A time of promise and an echo of the sweet beginning of being in Eden.

La primavera e qui. La primavera e qui.

Time for La bella figura.

Time for me to carefully roll the Roadster out of its winter quarters.

Time to turn up the collar on the leather jacket, set the Donegal tweed cap at a jaunty angle and put some va va voom into the blue highways of the Surrey Hills.

Of course, there’s a Jukebox playlist for the occasion.

The Beach Boys, ‘I Get Around’, Thin Lizzy, ‘The Boys Are Back In Town’, Junior Parker, ‘Feelin Good’ set the wheels a rollin’ very nicely.

But, there’s ten versions of one song I always play as I swoop up and down the Hills to announce, top down and volume way, way up, that Spring has sprung!

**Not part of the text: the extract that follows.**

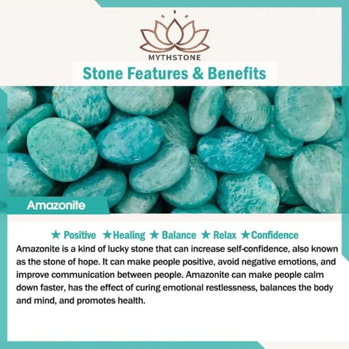 Amazonite is a kind of lucky stone that can increase self-confidence. also known as the stone of hope. It can make people positive. avoid negative emotions. and improve communication between people. Amazonite can make people calm down faster. has the effect of curing emotional restlessness. balances the body and mind. and promotes health.
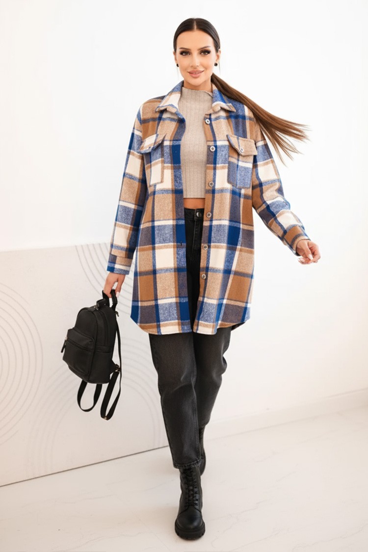 - Modelul are un design în carouri și închidere standard cu nasturi.

Spring brings out the Italian in me – something about the brightness of the sun and the promise of golden days ahead.

Maybe, this year, I’ll see once more that old moon above the Mediterranean Sea.

And be woken by the sun over the mountains.

Il tempo per un festival.

La primavera e qui.

Buona Sera Signorina!

First, a version by the artist who will always remain first and foremost in my affections.

You can be sure that Van has spent many an hour listening to the original by Louis Prima (see earlier Jukebox tribute to Louis).

Perhaps he first played it on Sax when he was a member of the Monarchs Showband at the very dawn of his professional life in music.

Here in 1971 he careens through the song like a Cresta Run bobsleigher going for the record.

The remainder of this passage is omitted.